Archive for May, 2012

Soloist, Collaborator or Both?

Thursday, May 3rd, 2012

By: Edna Landau

To ask a question, please write Ask Edna.

Dear Edna:

I am a pianist finishing my first of two years in a graduate program at an American conservatory. I received my undergraduate degree at the same conservatory. Over the years, I was fortunate to have been frequently sought out as a collaborative artist for recitals with singers and instrumentalists. While I have always greatly enjoyed filling this role, I still dream of the possibility of having a solo career. It is very helpful for me to have the income from this work but if I continue along this path, will I rule out that possibility altogether? –Brian W.

Dear Brian:

Since you have told me that you are often approached by your peers to collaborate with them, I assume that you excel in this area. Happily, these are times when most artists feel comfortable wearing a variety of musical hats and moving back and forth between solo appearances and collaborations, especially when opportunities present themselves to work with inspiring colleagues. Two days ago, I had the pleasure of listening to a wonderful young pianist, Michael Brown, perform a recital program with the captivating violinist, Elena Urioste. Within the previous three weeks, he had played two solo recitals in New York (with largely different programs). From what I heard and read, all three were beautifully prepared and imbued with equal enthusiasm. The truth is that you don’t need to categorize yourself and make an either/or choice, at least for now. Every career has elements of the unexpected. You may decide to play a recital with a singer and it could turn out that a manager attending the recital is so drawn to your playing that they make a point of finding out more about you. A variation of this happened early in my IMG Artists days when Charles Hamlen and I attended a recital given by one of our clients, soprano Lucy Shelton. The program featured this wonderfully versatile artist in a variety of repertoire, including Schubert’s “The Shepherd on the Rock”, with guest artist David Shifrin on clarinet. After just a few measures of his playing, we glanced at one another with total rapture and knew that we would soon be adding a clarinetist to our management roster, challenging as it was to take on a solo wind player. The important message here is that any time you set foot on stage in any capacity, it is an opportunity to be noticed.

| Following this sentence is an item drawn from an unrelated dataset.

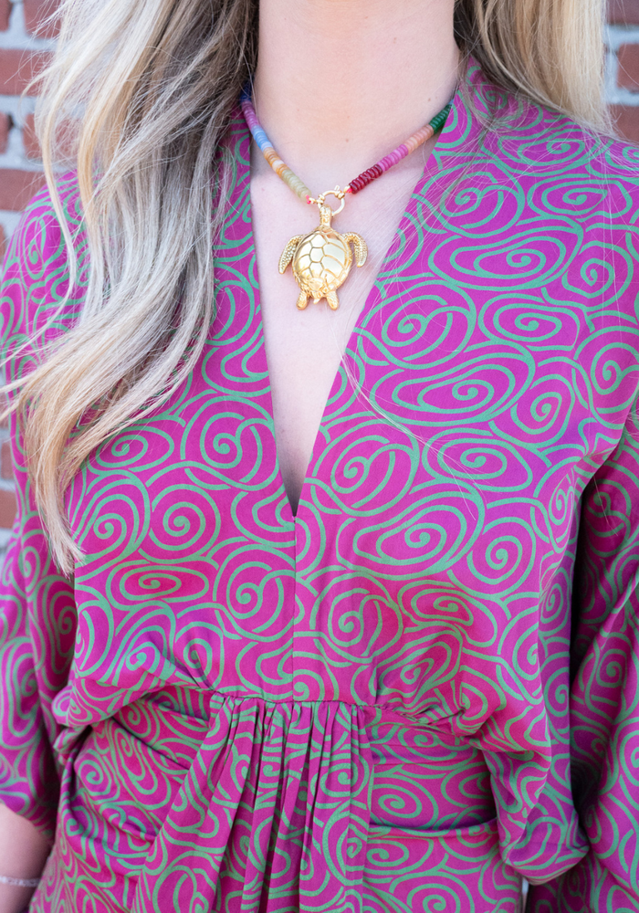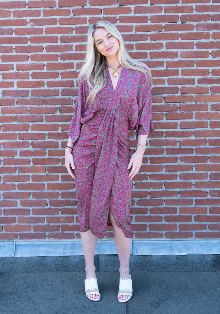 De Juno dress van Sissel Edelbo is een unieke en duurzame damesjurk met een bohemian uitstraling, waarbij elke jurk volledig one-of-a-kind is. De jurken worden gemaakt van gerecyclede, oude sari’s uit India, waardoor elk item een eigen verhaal, kleurencombinatie en karakter heeft.

I think it would be advisable for you to take advantage of your upcoming year at school to seek candid advice from your teacher, as well as others who know your playing, with regard to their assessment of your potential for a solo career. Keep in mind that it is difficult and time-consuming to secure solo engagements on your own or to attract the attention of a manager. As long as the collaborations are bringing in a steady income, I see no reason to give them up. If you like, you can keep your feet in both camps by entering a few competitions, if you feel prepared and motivated to do so (but I would advise against appearing as both collaborator and soloist in the same competition, even if you think it’s cool!). To get a balanced view, you might also want to consider enrolling in a collaborative piano program, such as the one offered by The Music Academy of the West. It might afford you a broader framework in which to establish your priorities, as well as opportunities to interact with a new group of performers and teachers who could lend additional perspective. Once you leave school, you might truly need to decide what your primary focus should be. Opportunities to collaborate with other musicians may be less frequent, unless you cultivate your connections and get the word out that this is a priority for you. If you are fortunate to perform with partners whose careers are on the rise, you may find great fulfillment in concerts in major cities where you might even attract positive critical attention. We are fortunate to have many superb collaborations captured on recordings, among them pianist Samuel Sanders with Itzhak Perlman and Martin Katz with Marilyn Horne. Both of these pianists gained great recognition through these partnerships and, undoubtedly, so much more.  In a wonderful YouTube video, Martin Katz relates how he grew as an artist through his association with Ms. Horne and how her standards became his standards. If he ever harbored aspirations of becoming a soloist, I doubt that he felt let down by his ultimate decision.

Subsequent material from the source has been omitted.